Big Idea
Activation functions define how a neuron transforms its weighted input into an output signal. Without them, neural networks would be purely linear systems, incapable of modeling complex, non-linear relationships—which are essential for machine learning tasks like classification, regression, and pattern recognition (A4.1, A4.3 in the IB guide ).

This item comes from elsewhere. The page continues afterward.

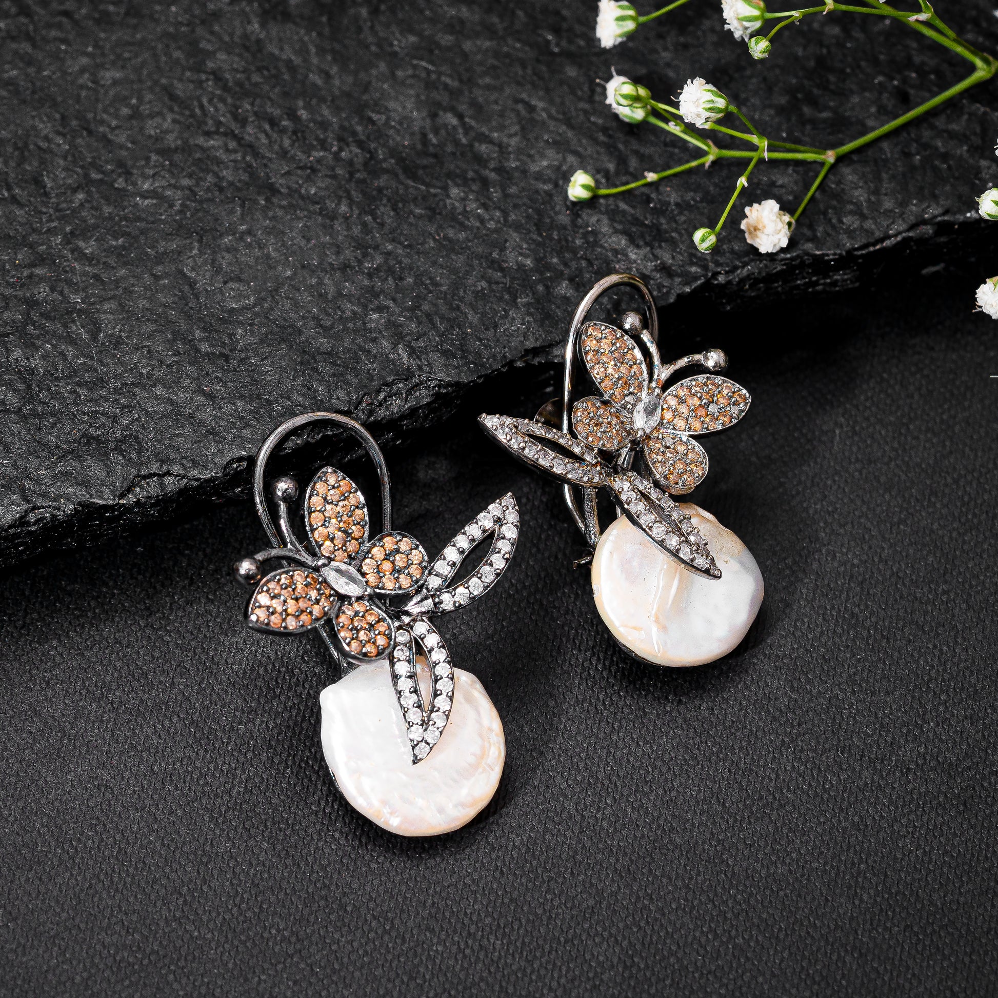 The Arah earrings feature a beautiful floralbutterfly embellished with diamonds and baroque pearl.

Activation Functions — Technical Reference Table
| Name | Formula | Student-Friendly Description | Common Use Cases |
|---|---|---|---|
| Binary Step | ( f(x) = \begin{cases} 1 & x \ge 0 \ 0 & x < 0 \end{cases} ) | Outputs either 0 or 1. Like a simple ON/OFF switch. | Early neural networks, theoretical models (rare in modern ML) |
| Linear (Identity) | ( f(x) = x ) | Output equals input. No transformation at all. | Output layer for regression (predicting continuous values) |
| Sigmoid (Logistic) | ( f(x) = \frac{1}{1 + e^{-x}} ) | Squashes values between 0 and 1. Can be interpreted as probability. | Binary classification (output layer), older neural networks |
| Tanh (Hyperbolic Tangent) | ( f(x) = \tanh(x) ) | Like sigmoid but outputs between -1 and 1. Centered around zero. | Hidden layers (older networks), RNNs |
| ReLU (Rectified Linear Unit) | ( f(x) = \max(0, x) ) | Outputs 0 for negative values, keeps positive values unchanged. Very simple and efficient. | Default for hidden layers in most deep neural networks |
| Leaky ReLU | ( f(x) = \begin{cases} x & x > 0 \ \alpha x & x \le 0 \end{cases} ) | Like ReLU but allows a small slope for negative inputs (avoids “dead neurons”). | Improved hidden layers where ReLU fails |
| Parametric ReLU (PReLU) | ( f(x) = \max(\alpha x, x) ) | Similar to Leaky ReLU, but the slope is learned during training. | Advanced deep learning architectures |
| ELU (Exponential Linear Unit) | ( f(x) = \begin{cases} x & x > 0 \ \alpha(e^x - 1) & x \le 0 \end{cases} ) | Smooth curve for negative values, helps learning stability. | Deep networks requiring faster convergence |
| Swish | ( f(x) = x \cdot \text{sigmoid}(x) ) | Smooth and non-monotonic; combines linear and sigmoid behavior. | Modern deep learning (e.g., Google models) |
| Softmax | ( f(x_i) = \frac{e^{x_i}}{\sum_j e^{x_j}} ) | Converts a vector into probabilities that sum to 1. | Multi-class classification (output layer) |
| Softplus | ( f(x) = \ln(1 + e^x) ) | Smooth version of ReLU. No sharp corner at 0. | When smooth gradients are required |
| GELU (Gaussian Error Linear Unit) | ( f(x) = x \cdot \Phi(x) ) | Weighs inputs probabilistically instead of hard cutoff like ReLU. | Transformers (e.g., modern NLP models) |